By putting protection from HIV into the hands of women, a microbicide would slow the spread of the virus and finally allow women to take control over their own health.

We must prioritise research on these promising preventive technologies. At the same time, we must do more with the tools that already exist.

The female condom should be affordable and accessible to women in Africa.

We must expand prevention of mother-to-child-transmission services so that every pregnant woman receives the care and treatment she needs.

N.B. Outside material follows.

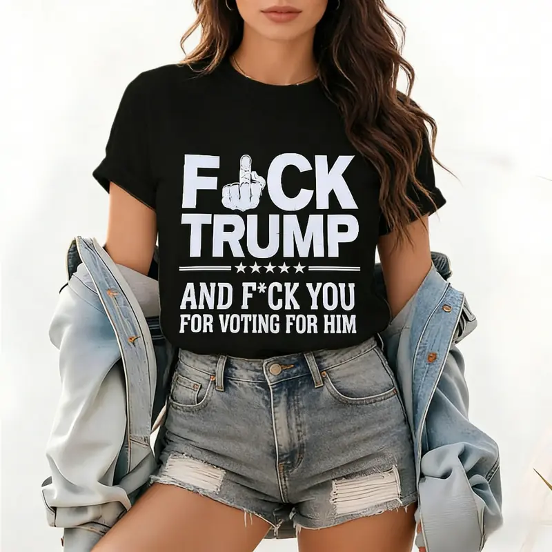 Controversial Black T - Shirt With 'Fck Trump And Fck You For Voting For Him' Message - A Strong - Statement Garment For Political Expression
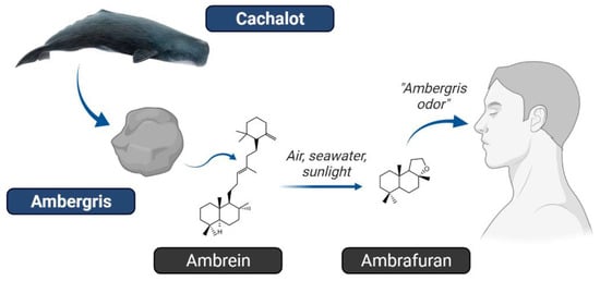 The mechanism of formation of the typical ambergris odor: due to the oxidative decomposition by seawater, air, and/or sunlight, ambrafuran is generated from the ambrein (created with BioRender.com (accessed on 10 December 2021); reworked by []).

Like nearly all of us, the women attending this week's summit have lost family members, workmates, and friends to this disease.

These women are on the frontlines every day - the doctor working long hours in the clinic, the grandmother who cares for her orphaned grandchildren, the community care worker visiting the homes of the sick, the woman living with HIV who had the courage to say so publicly, the sex worker who spends her days educating her peers at the taxi rank.

These women are the ones who have told us of the desperate need for female-initiated HIV prevention approaches. After all, their lives and the future of our families and countries depend on it.

Elizabeth Mataka is the United Nations Secretary General's Special Envoy for Aids in Africa. Dr Zeda Rosenberg is Chief Executive Officer of the International Partnership for Microbicide.